__Work to be completed__
Only the lines from the start of the data through the line containing "吴昌硕先生的人物画所勾衣纹线" should be written out, exactly as they are, with both ends included and the pictures left out.

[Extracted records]
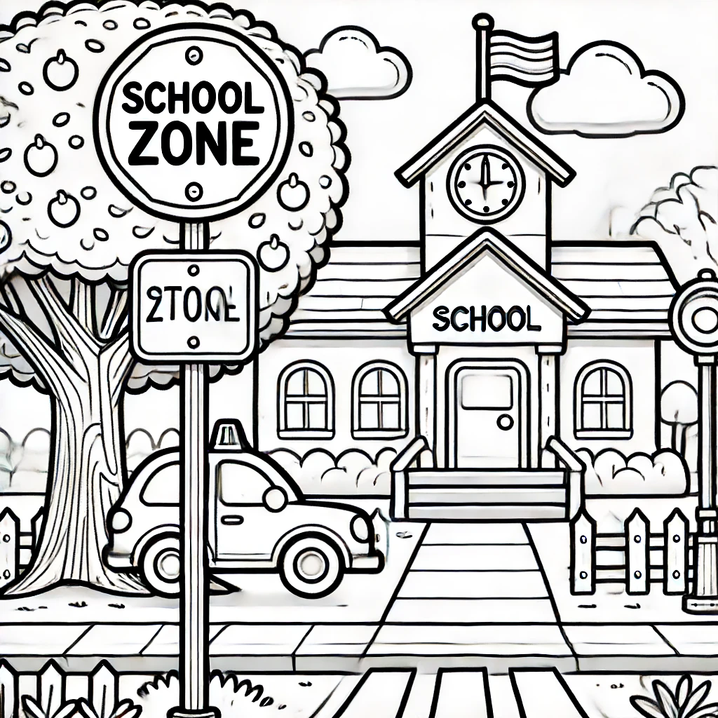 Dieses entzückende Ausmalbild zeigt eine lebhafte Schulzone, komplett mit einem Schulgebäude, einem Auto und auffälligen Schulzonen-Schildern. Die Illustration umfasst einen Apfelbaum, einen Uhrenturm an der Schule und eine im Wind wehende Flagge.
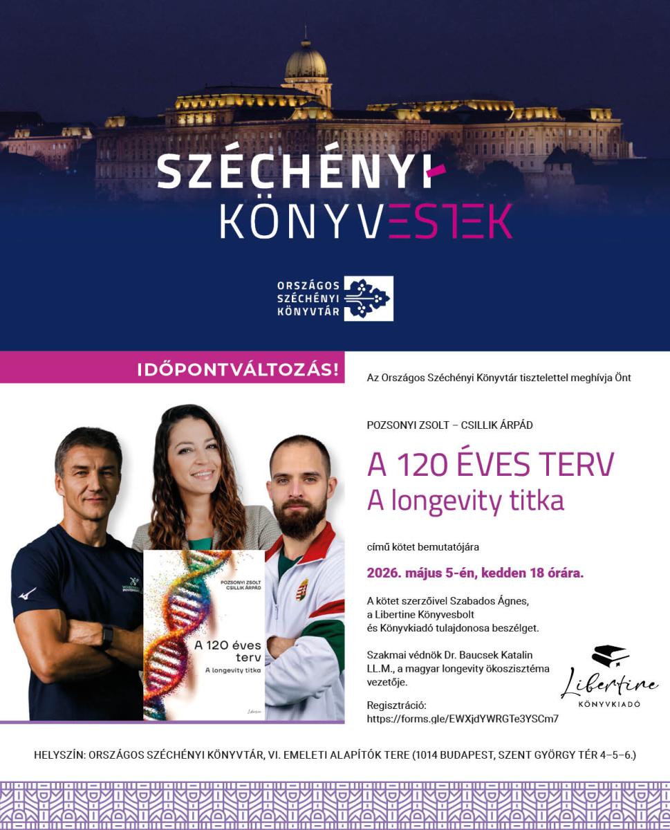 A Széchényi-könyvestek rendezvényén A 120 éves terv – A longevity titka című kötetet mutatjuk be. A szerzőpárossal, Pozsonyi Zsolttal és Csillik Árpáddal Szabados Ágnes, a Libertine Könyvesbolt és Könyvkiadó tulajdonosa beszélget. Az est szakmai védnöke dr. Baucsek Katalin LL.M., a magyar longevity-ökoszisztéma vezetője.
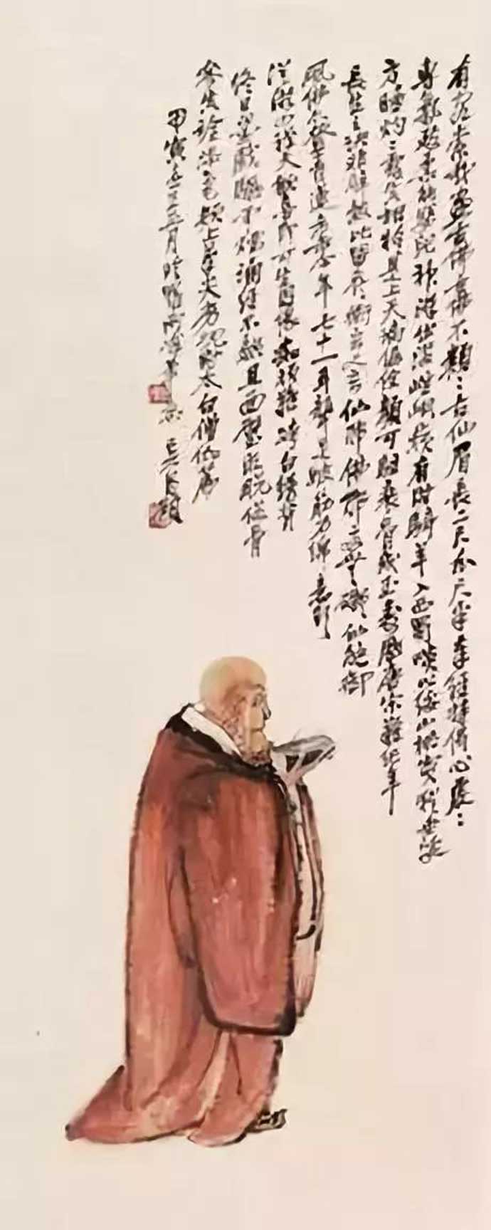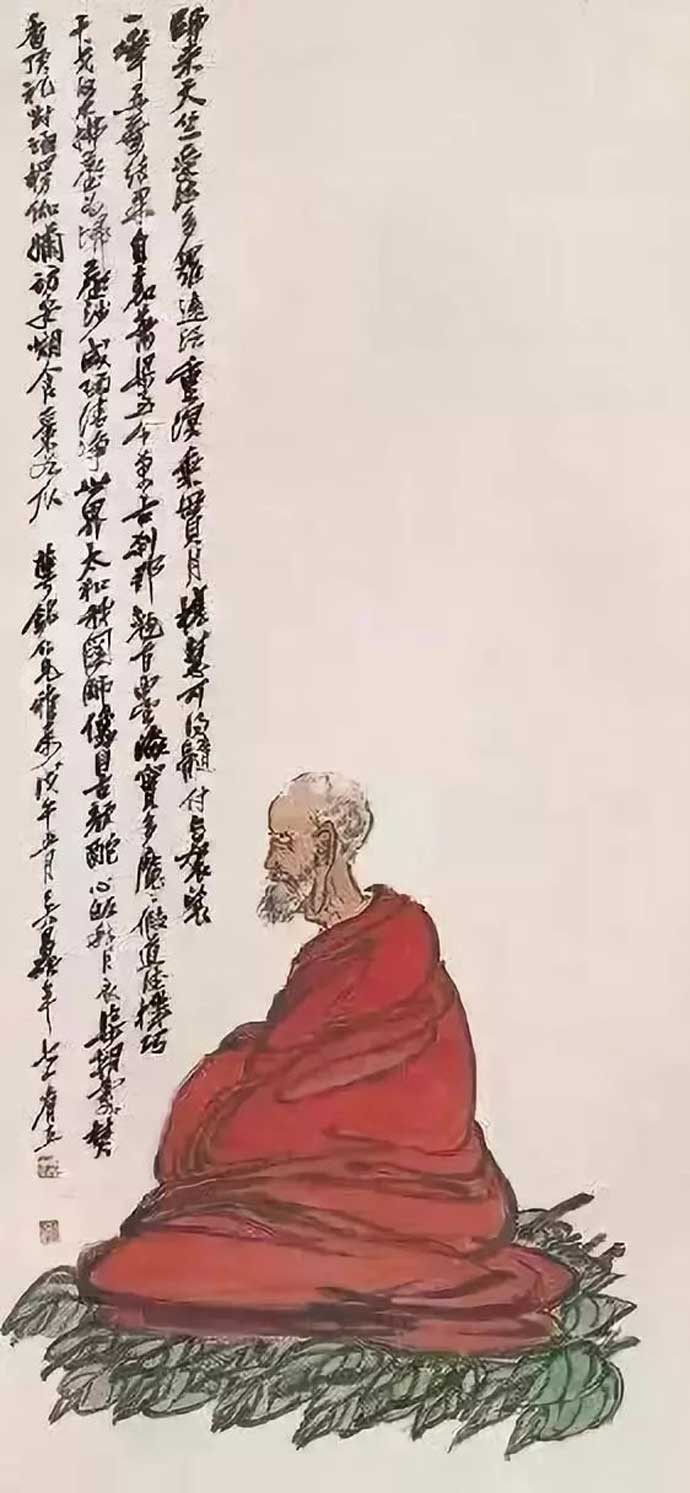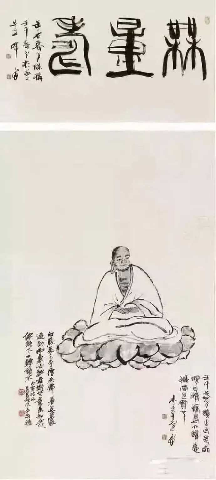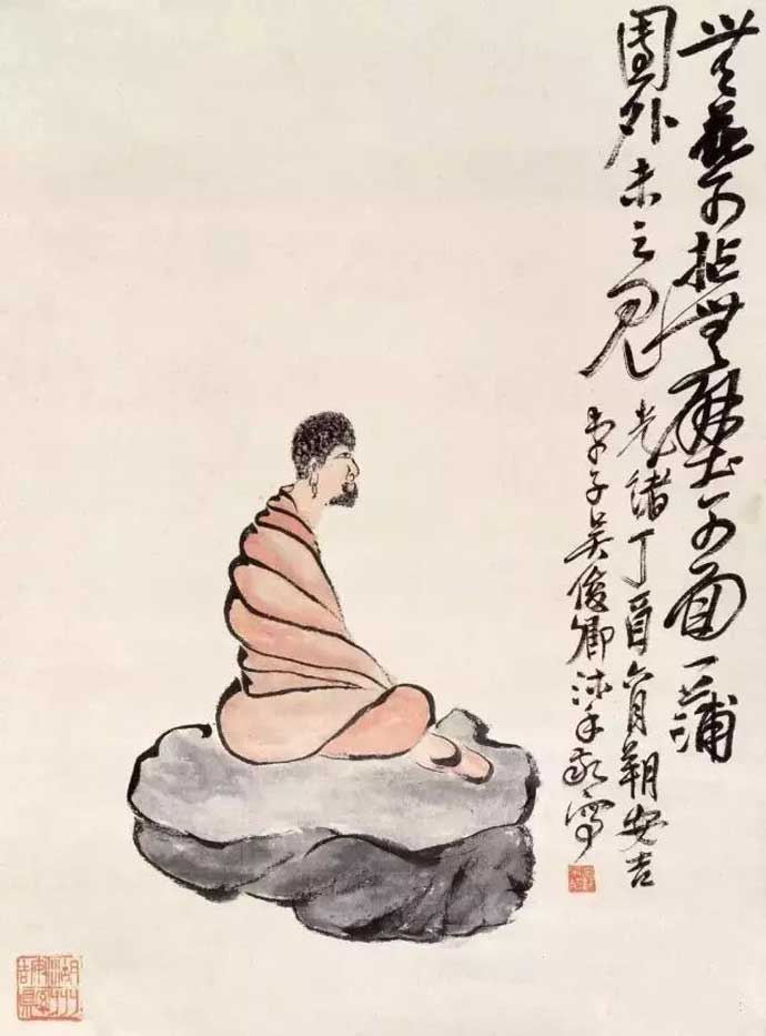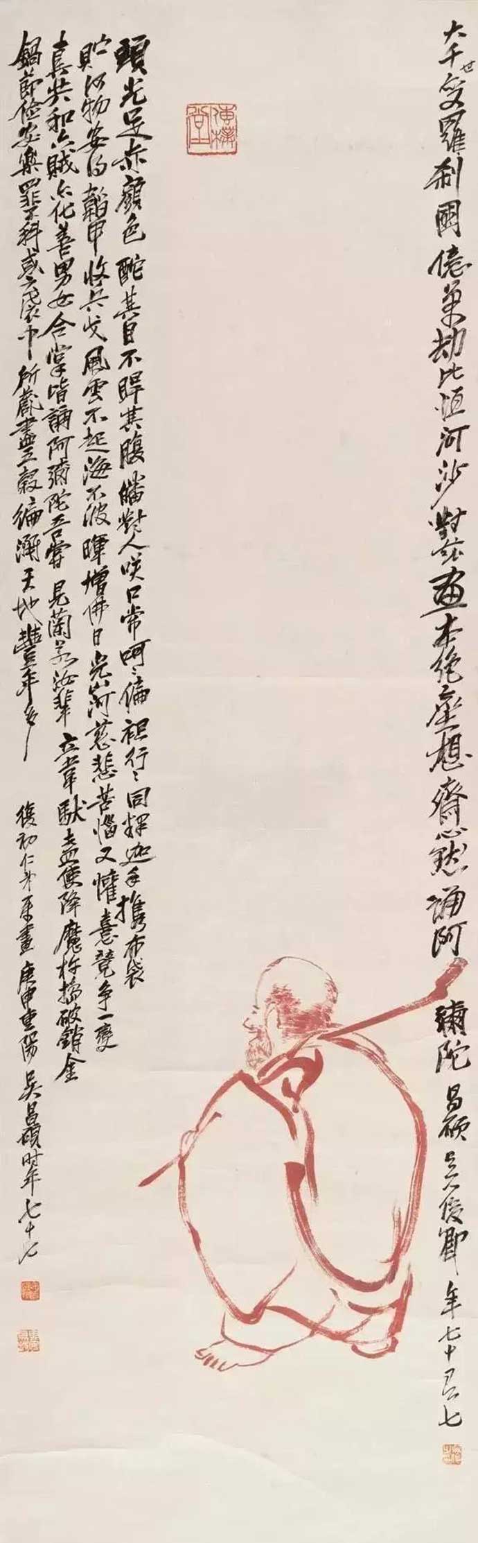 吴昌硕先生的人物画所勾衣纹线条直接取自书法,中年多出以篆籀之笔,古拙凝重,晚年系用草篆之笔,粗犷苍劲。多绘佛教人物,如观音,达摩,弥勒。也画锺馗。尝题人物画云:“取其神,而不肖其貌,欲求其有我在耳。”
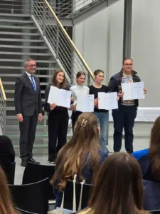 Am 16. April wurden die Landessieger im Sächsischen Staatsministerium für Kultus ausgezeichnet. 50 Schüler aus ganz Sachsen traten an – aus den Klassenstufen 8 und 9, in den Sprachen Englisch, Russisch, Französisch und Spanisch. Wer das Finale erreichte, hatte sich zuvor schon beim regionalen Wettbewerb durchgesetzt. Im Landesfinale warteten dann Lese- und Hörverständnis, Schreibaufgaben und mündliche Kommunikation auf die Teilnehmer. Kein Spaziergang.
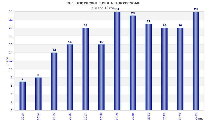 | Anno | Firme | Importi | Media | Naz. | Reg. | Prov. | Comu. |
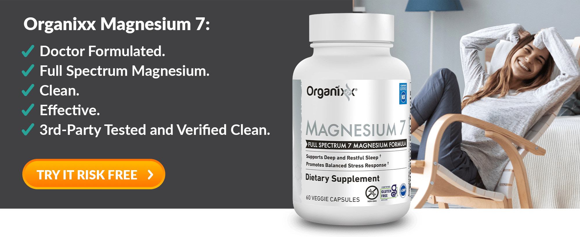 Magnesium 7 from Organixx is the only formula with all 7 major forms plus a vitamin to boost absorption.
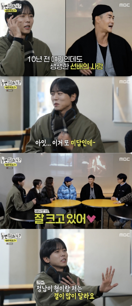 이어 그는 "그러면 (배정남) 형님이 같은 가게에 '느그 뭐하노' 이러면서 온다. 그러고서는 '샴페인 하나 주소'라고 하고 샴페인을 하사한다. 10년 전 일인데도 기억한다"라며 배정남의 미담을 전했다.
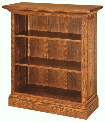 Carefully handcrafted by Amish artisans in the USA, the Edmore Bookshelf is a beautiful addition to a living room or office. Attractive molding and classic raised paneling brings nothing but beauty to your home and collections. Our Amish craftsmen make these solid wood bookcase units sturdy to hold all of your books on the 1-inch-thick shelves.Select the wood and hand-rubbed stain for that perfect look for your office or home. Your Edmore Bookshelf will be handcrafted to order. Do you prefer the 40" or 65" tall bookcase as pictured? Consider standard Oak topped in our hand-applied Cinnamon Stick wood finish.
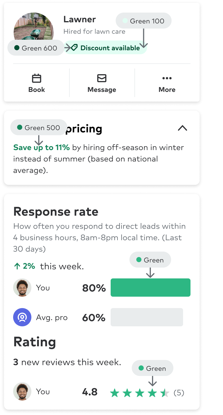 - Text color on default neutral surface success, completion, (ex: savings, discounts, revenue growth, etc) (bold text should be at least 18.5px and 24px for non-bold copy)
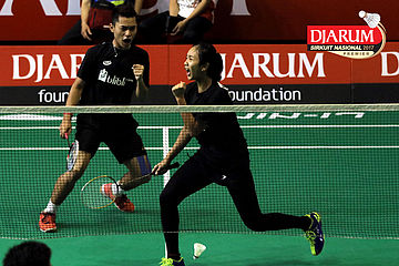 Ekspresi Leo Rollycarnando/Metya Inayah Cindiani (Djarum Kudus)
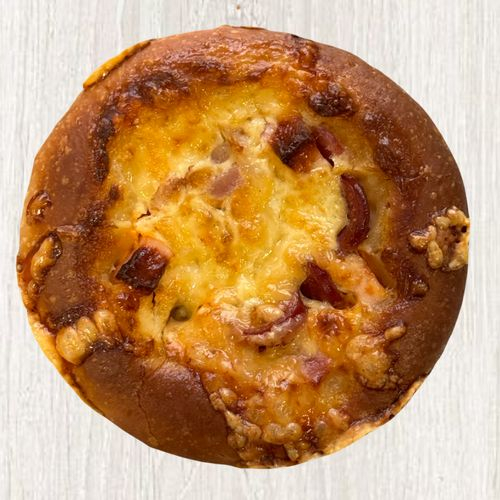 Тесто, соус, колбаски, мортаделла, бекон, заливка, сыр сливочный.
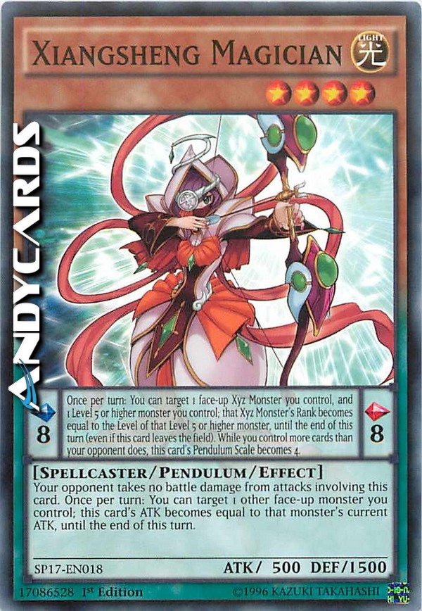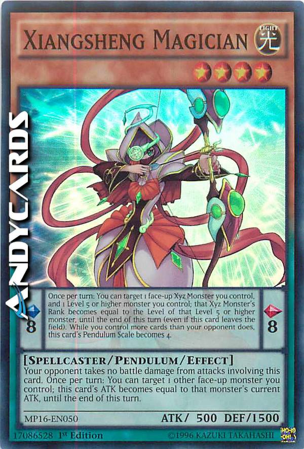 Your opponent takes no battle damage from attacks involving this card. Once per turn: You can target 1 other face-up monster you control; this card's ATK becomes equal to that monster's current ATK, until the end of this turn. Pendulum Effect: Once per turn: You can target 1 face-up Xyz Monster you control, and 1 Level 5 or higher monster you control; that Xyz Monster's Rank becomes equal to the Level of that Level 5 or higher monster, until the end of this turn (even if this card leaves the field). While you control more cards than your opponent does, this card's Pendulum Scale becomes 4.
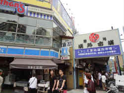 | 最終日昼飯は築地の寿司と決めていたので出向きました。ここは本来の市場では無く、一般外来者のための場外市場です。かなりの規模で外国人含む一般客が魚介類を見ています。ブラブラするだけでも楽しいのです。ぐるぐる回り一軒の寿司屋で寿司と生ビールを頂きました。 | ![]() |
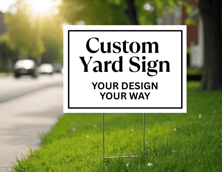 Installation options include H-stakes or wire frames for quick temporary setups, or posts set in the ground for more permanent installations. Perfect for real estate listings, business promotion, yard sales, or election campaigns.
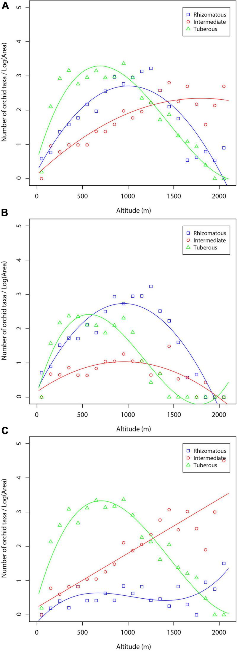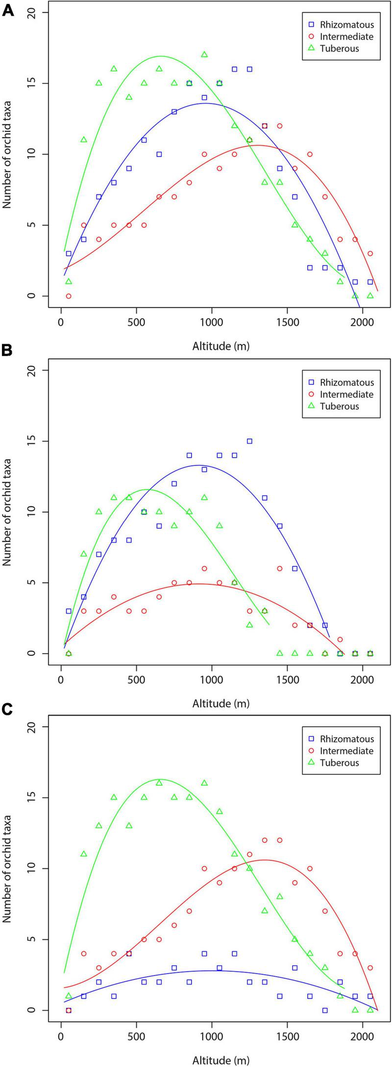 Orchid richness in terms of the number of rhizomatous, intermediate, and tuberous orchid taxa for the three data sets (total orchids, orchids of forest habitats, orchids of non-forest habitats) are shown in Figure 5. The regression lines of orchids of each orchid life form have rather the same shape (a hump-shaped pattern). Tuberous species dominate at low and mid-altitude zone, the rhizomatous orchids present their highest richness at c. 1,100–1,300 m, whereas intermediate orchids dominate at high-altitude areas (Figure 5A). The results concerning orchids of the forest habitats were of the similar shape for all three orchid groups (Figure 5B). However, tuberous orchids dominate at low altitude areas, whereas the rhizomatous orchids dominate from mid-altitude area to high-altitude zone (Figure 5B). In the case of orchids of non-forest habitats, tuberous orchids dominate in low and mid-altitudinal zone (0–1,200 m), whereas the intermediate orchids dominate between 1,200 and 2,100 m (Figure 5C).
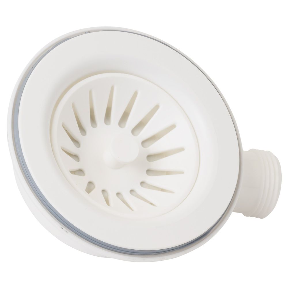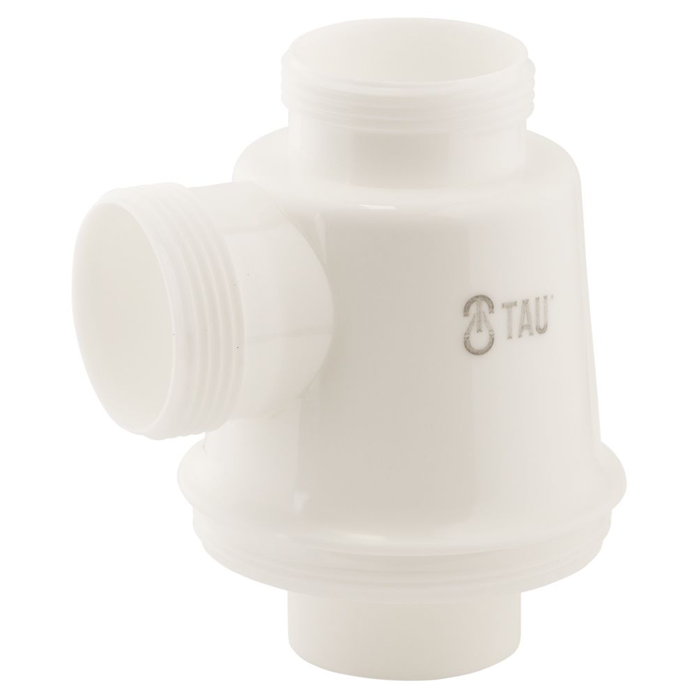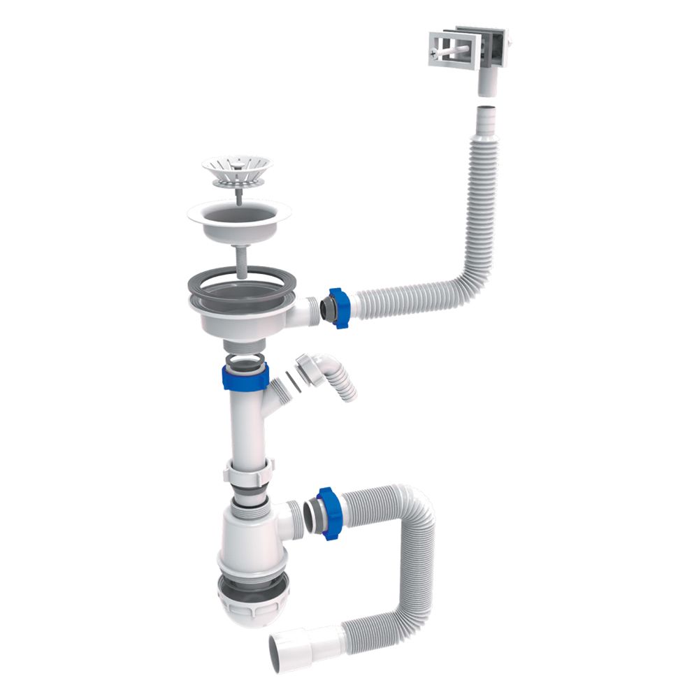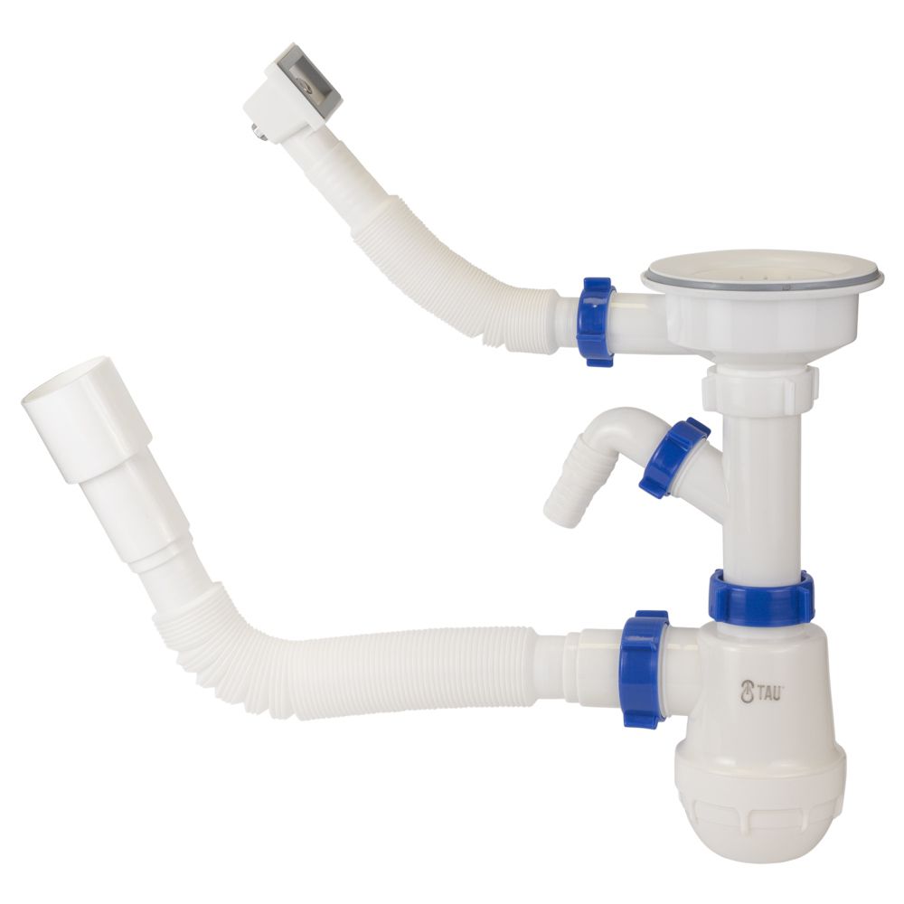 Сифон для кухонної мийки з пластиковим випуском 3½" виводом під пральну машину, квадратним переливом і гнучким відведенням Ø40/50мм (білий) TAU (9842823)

__Exercise output__
 Dieses entzückende Ausmalbild zeigt eine lebhafte Schulzone, komplett mit einem Schulgebäude, einem Auto und auffälligen Schulzonen-Schildern. Die Illustration umfasst einen Apfelbaum, einen Uhrenturm an der Schule und eine im Wind wehende Flagge.
 A Széchényi-könyvestek rendezvényén A 120 éves terv – A longevity titka című kötetet mutatjuk be. A szerzőpárossal, Pozsonyi Zsolttal és Csillik Árpáddal Szabados Ágnes, a Libertine Könyvesbolt és Könyvkiadó tulajdonosa beszélget. Az est szakmai védnöke dr. Baucsek Katalin LL.M., a magyar longevity-ökoszisztéma vezetője.
 吴昌硕先生的人物画所勾衣纹线条直接取自书法,中年多出以篆籀之笔,古拙凝重,晚年系用草篆之笔,粗犷苍劲。多绘佛教人物,如观音,达摩,弥勒。也画锺馗。尝题人物画云:“取其神,而不肖其貌,欲求其有我在耳。”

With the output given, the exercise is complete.